§ EXERCISE PROMPT
Your answer must be the exact lines below, starting with the line with "Figura 2- A Lagoa do Abaeté" and going on through the line with "深ダンプ (深枠、デカ箱などと言われています)", both included, with no pictures.

——

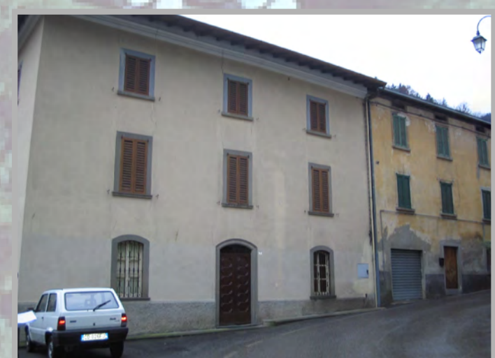
6 RISANAMENTO CONSERVATIVO (2)
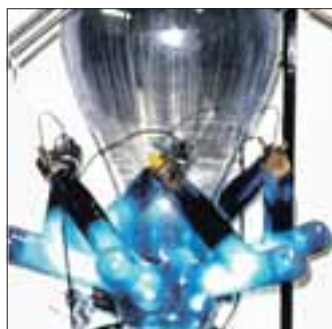
Der Gleichrichter macht aus Drehstrom Gleichstrom.

Sammlerstücke und Dokumentationen stehen zum Erwerb bereit. Für Getränke und Imbiss ist ebenfalls gesorgt.
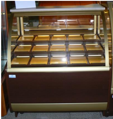
Lada pralinowa LP-95 S-3P
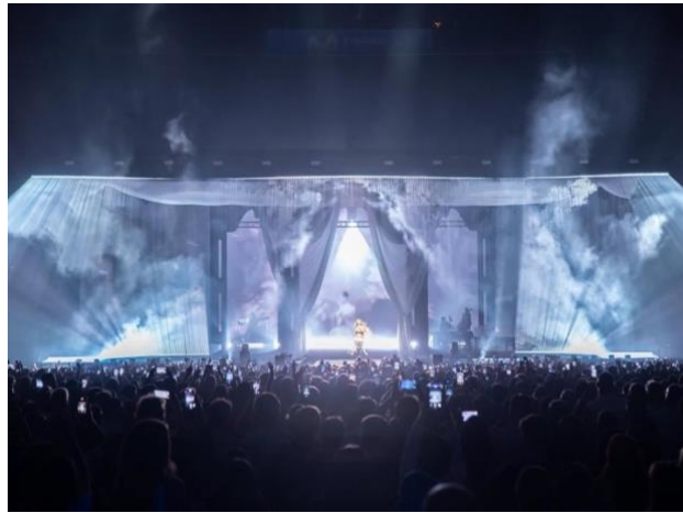
Figura 9: Diseño de iluminación del concierto Anela en el Movistar Arena.

del espectáculo, habituales en conciertos donde la música se integra con un relato escénico de carácter alegórico.
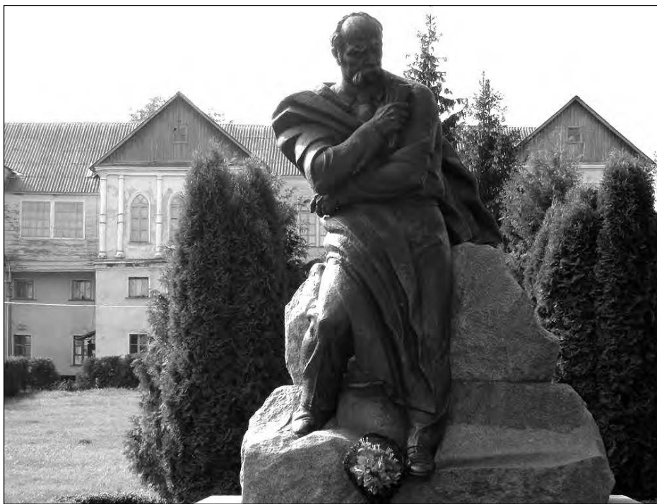
Пам'ятник Тарасові Шевченкові.

Дивно, що парк чомусь так і не набув загальноукраїнської слави. Може, це і на краще. Адже на його просторах можна залишитися на самоті, відчути себе мандрівником у часі і просторі, помріяти в тиші.
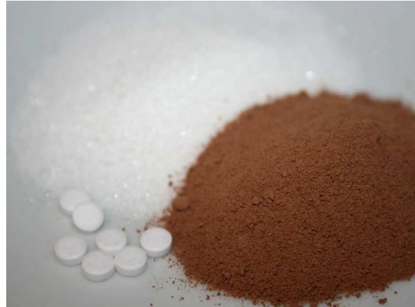
Abb. 14: Zutaten zum Kaffee: Zucker, Süßstoff, Kakao (C. BUCH).

Skurril ist die Verwendung von Kaffeebohnen, die vor Ihrer Weiterverarbeitung von auf den Inseln Sumatra und Java lebenden Schleichkatzen gefressen, ausgeschieden und dadurch fermentiert wurden. Dieses Kaffeeprodukt ist durch diesen aufwändigen "Umweg" extrem teuer.
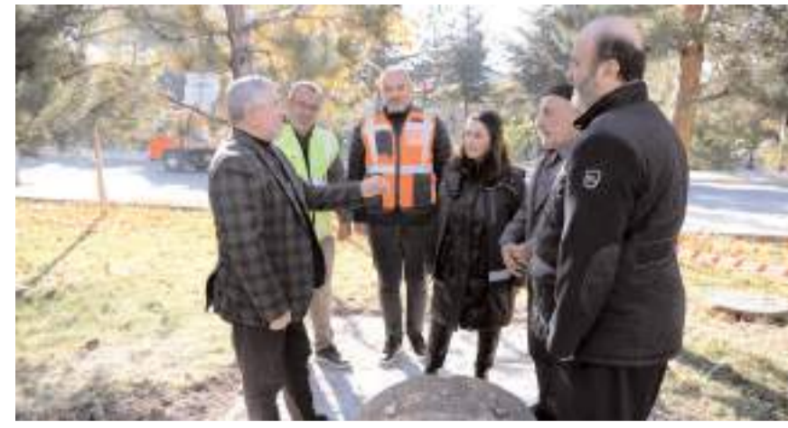
Başkan Aşgın, çalışmalar hakkında bilgi aldı.
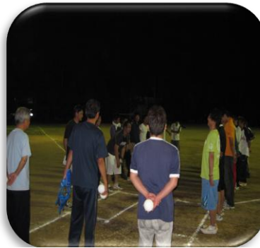
選手の皆さんお疲れ様でした。
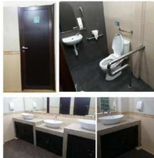
Gambar 7. Situasi toilet

4 Ketentuan teknis toilet berdasarkan Peraturan Menteri Pekerjaan Umum No.30/PRT/M/2006 dapat dilihat pada gambar 7.
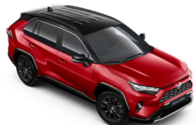
2SC Červená – karmínová se střechou v černé barvě speciální lak, dostupný pouze pro verze Selection a GR SPORT 25 000 Kč
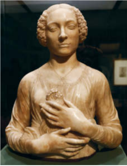
Marbre. Hauteur: 0,61 m. Museo Nazionale del Bargello, Florence
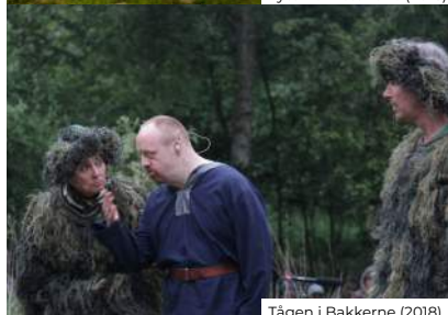
Tågen i Bakkerne (2018)
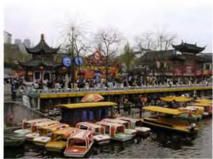
週邊仿古建築商街
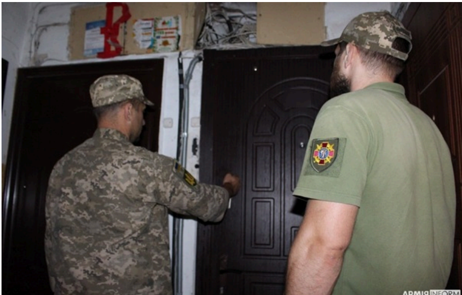
В Україні посилюють мобілізаційні заходи

У Київському територіальному центрі комплектування та соціальної підтримки підтвердили, що є вимога посилити мобілізаційні заходи.
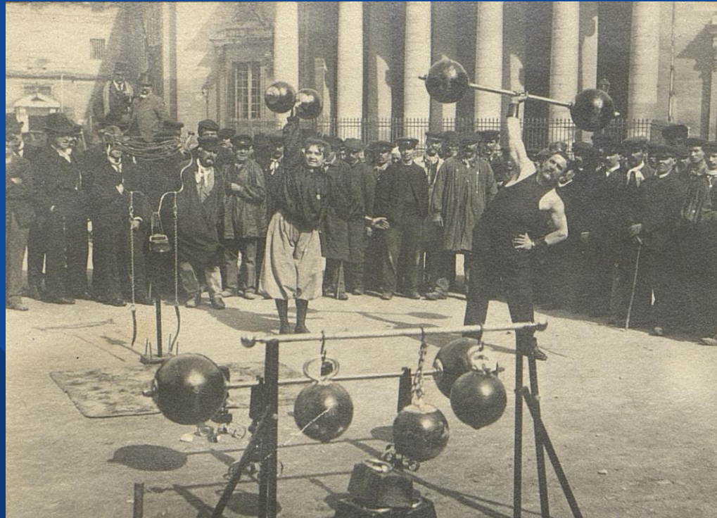
Démonstration d'haltérophilie place Fontette à Caen vers 1902
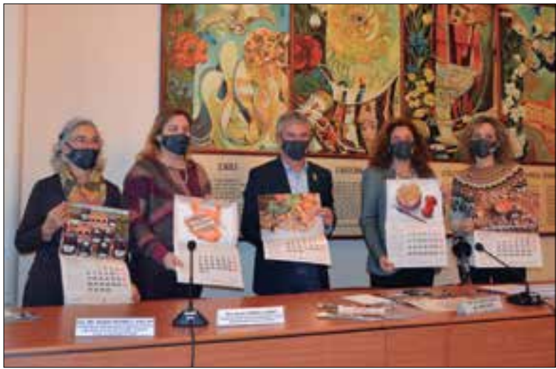
Ja està a la venda el calendari 2021 de Productes de la Terra.
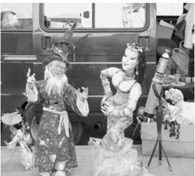
И такие куклы, в рост человека, были на фестивале.

– Вообще-то, исконно старооскольскую игрушку всегда делали из белой глины, – рассказывает Валентина Павловна.
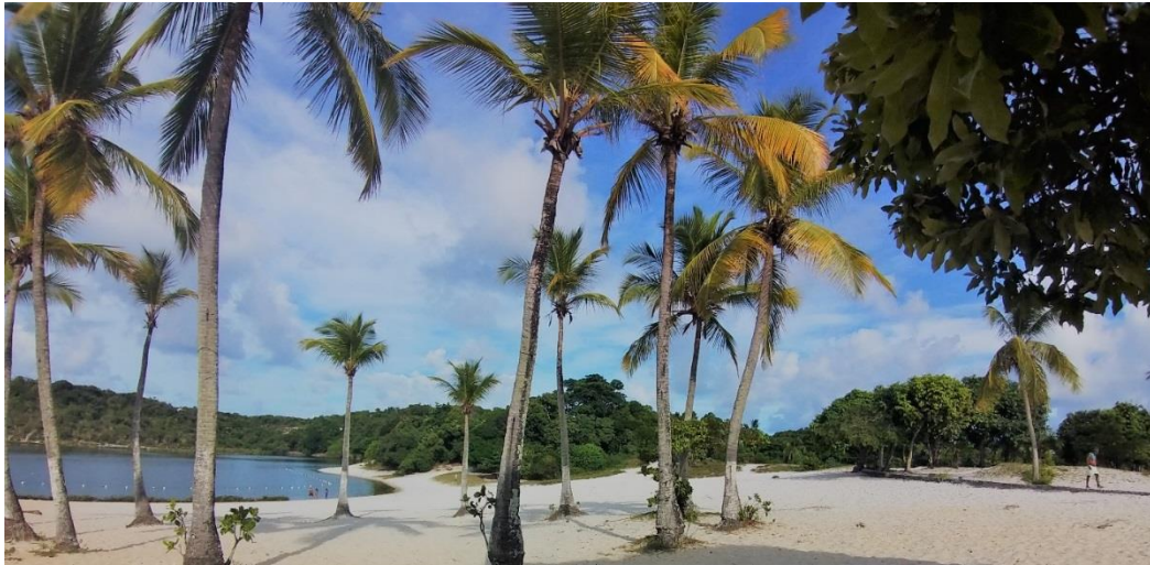
Figura 2- A Lagoa do Abaeté
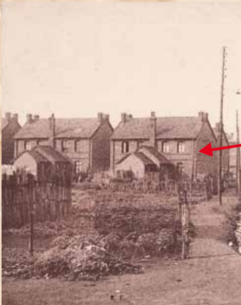
Bruay, domy górnicze wraz z widocznymi ogródkami
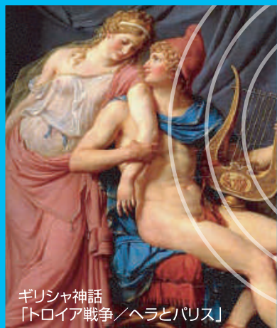
ギリシャ神話 「トロイア戦争／ヘラとパリス」
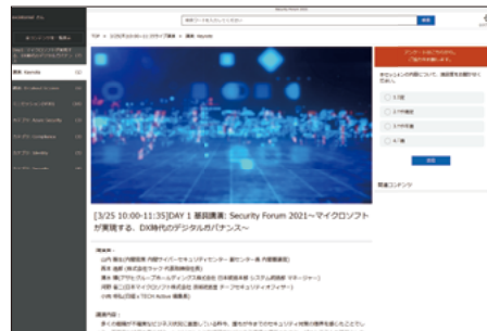
資料ダウンロードやアンケートの回答が可能な利用者画面

Bizlat on Azure とそのアドオン機能を活用して構築されたイベントサイトは、参加者にとって今までのオンライン配信では決して経験することのできなかった、高いユーザビリティをもたらすものとなっている。ここでは、主要な提供機能をご紹介します。
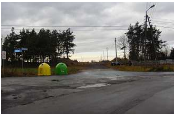
Ul. Ks. Antoniego Śliwy - wybudowano drogę, wodociąg i oświetlenie.
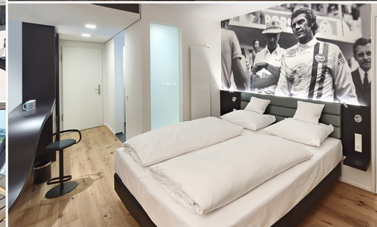
V6 - DESIGN-DOPPELZIMMER
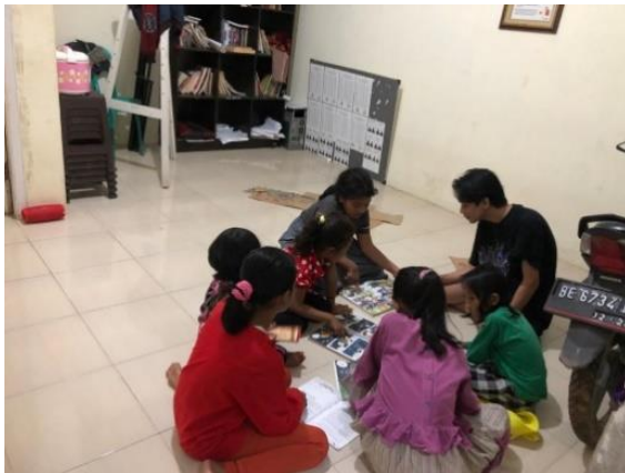
Gambar 4 Mengajar les secara gratis bersama anak-anak desa Karang Raja
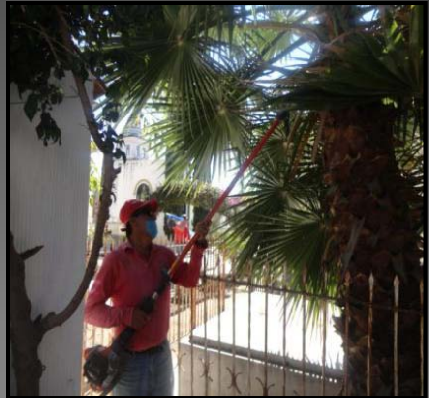
PODA DE PALMERAS DEL CEMENTERIO MUNICIPAL
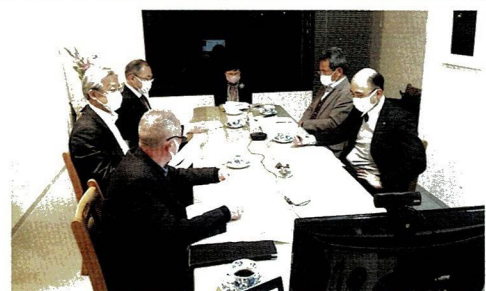
積極的な議論を行いました

会議では、第三四半期の成果と各種事業の進捗状況を報告、内容についてご審議いただきました。さらに、今後の運営について皆様から重要なお助言を頂きました。
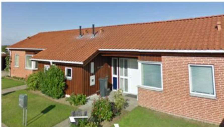
Figur 2 - Billede af en bolig i afd. 112-02.

Beboerne har på et ekstraordinært afdelingsmøde den 18. december 2019 godkendt tagrenoveringen.
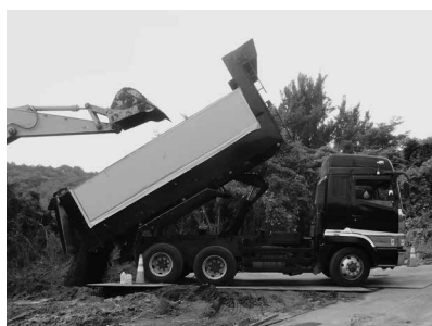
深ダンプ (深枠、デカ箱などと言われています)

■不法投棄110番 ☎0120-536-380 (平日8時30分～17時15分) ※受付時間外は最寄りの警察署まで
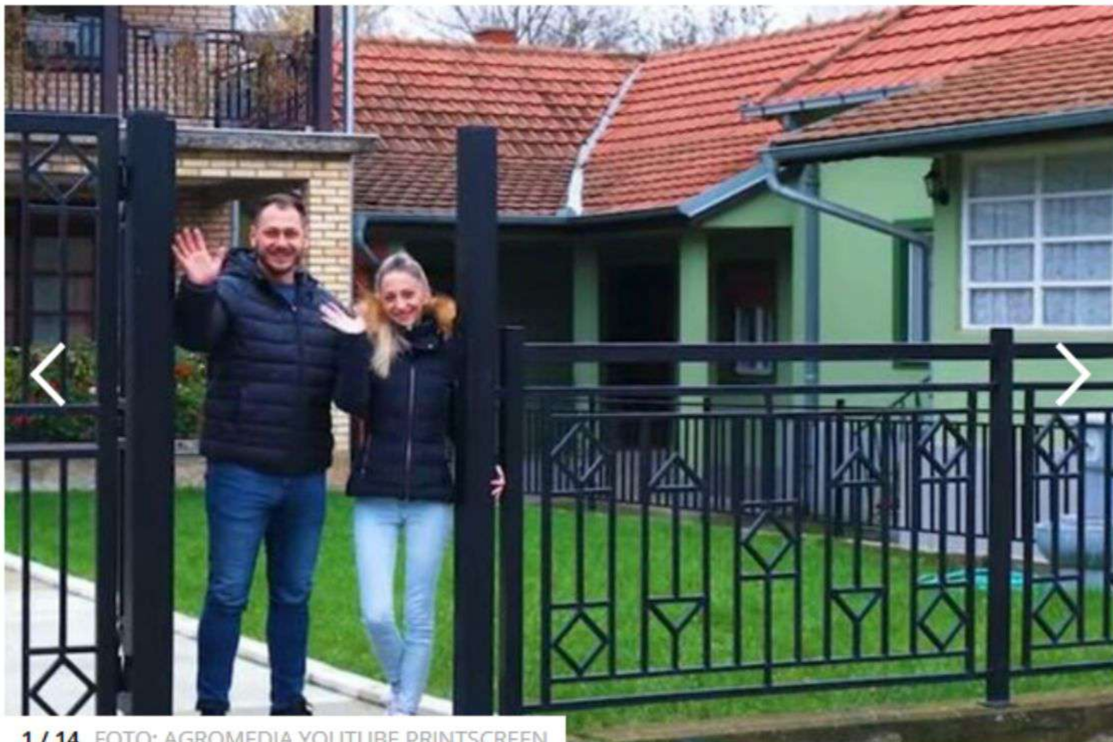
1 / 14
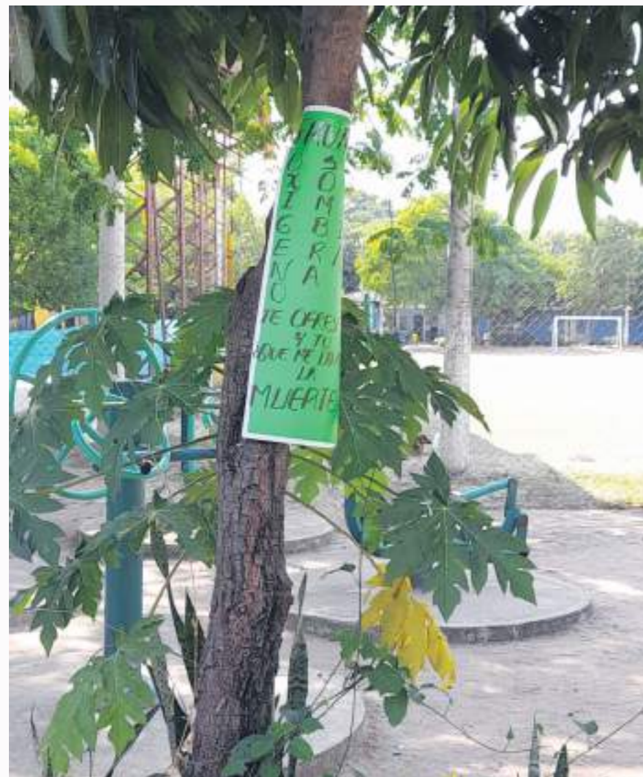
Pancartas como esta se ven en los árboles que quieren proteger.

DIARIO DEL HUILA, COMUNIDAD Por: Hernán Guillermo Galindo M
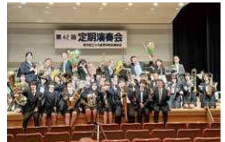
「一音入魂！」をモットーに、日々活動しています。学年を越えてのアンサンブル・合奏を通し、人的にも大きく成長しています。音楽、吹奏楽が大好きで興味がある人は是非！経験は問いません。
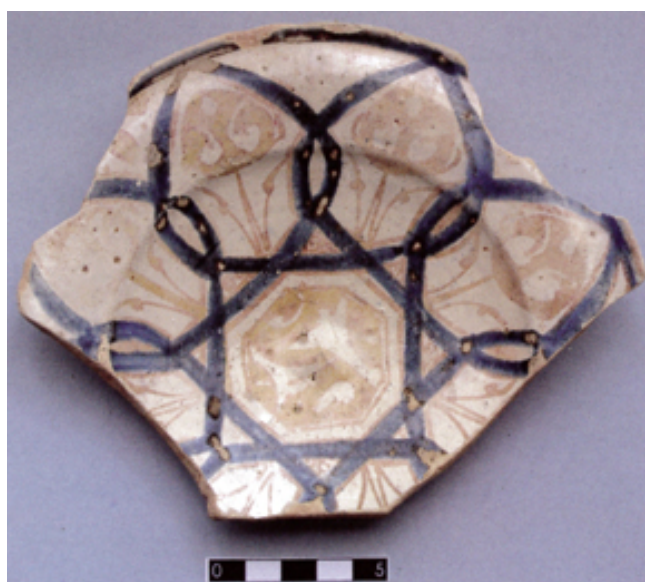
Fig. 4 - Smaltata spagnola blu e lustro.
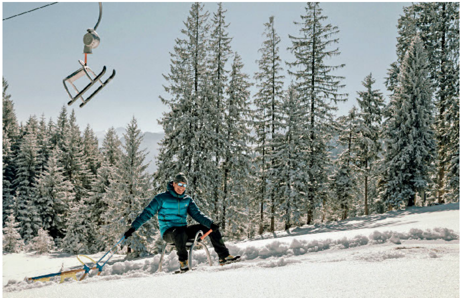
Der LUIS Lift wurde mit Rodeln als Sitzgelegenheit ausgestattet, eine Rodel bietet Platz für einen Erwachsenen und ein Kind.

Ab Herbst steht bei enrope außerdem die erfolgreiche und vielfach bewährte Tellerlift-Einziehvorrichtung „Typ 200 GL“ wieder zur Verfügung. Aus der Spezialwerkstatt, in der man für den professionellen Reparatordienst bestens gerüstet ist, gibt es aus der eigenen Produktion außerdem Ersatzteile wie Rollengummi, Gummizapfen, Bügelanschlussstücke, Bruchstäbe, Schleppseile usw. Für alle, die für Ihren Lift Ersatzteile suchen, die am Markt nicht mehr oder nur mehr schwer zu bekommen sind, empfiehlt sich auf alle Fälle eine Kontaktaufnahme mit enrope. lw
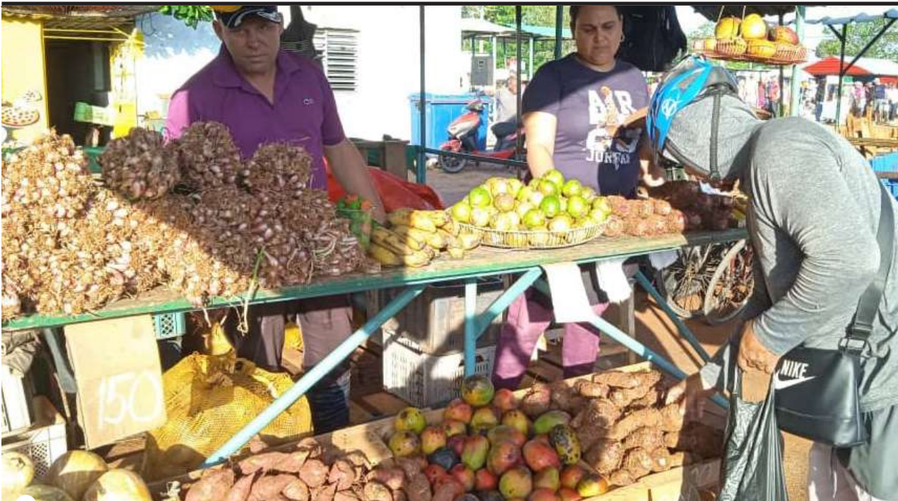
EN LA FERIA de Artemisa hay variedad de productos y presencia de formas productivas y de actores estatales y no estatales

otras prioridades comerciables para el pueblo, pero en los últimos tiempos,

——

§ WRITTEN RESPONSE
Figura 2- A Lagoa do Abaeté
Bruay, domy górnicze wraz z widocznymi ogródkami
ギリシャ神話 「トロイア戦争／ヘラとパリス」
資料ダウンロードやアンケートの回答が可能な利用者画面

Bizlat on Azure とそのアドオン機能を活用して構築されたイベントサイトは、参加者にとって今までのオンライン配信では決して経験することのできなかった、高いユーザビリティをもたらすものとなっている。ここでは、主要な提供機能をご紹介します。
Ul. Ks. Antoniego Śliwy - wybudowano drogę, wodociąg i oświetlenie.
V6 - DESIGN-DOPPELZIMMER
Gambar 4 Mengajar les secara gratis bersama anak-anak desa Karang Raja
PODA DE PALMERAS DEL CEMENTERIO MUNICIPAL
積極的な議論を行いました

会議では、第三四半期の成果と各種事業の進捗状況を報告、内容についてご審議いただきました。さらに、今後の運営について皆様から重要なお助言を頂きました。
Figur 2 - Billede af en bolig i afd. 112-02.

Beboerne har på et ekstraordinært afdelingsmøde den 18. december 2019 godkendt tagrenoveringen.
深ダンプ (深枠、デカ箱などと言われています)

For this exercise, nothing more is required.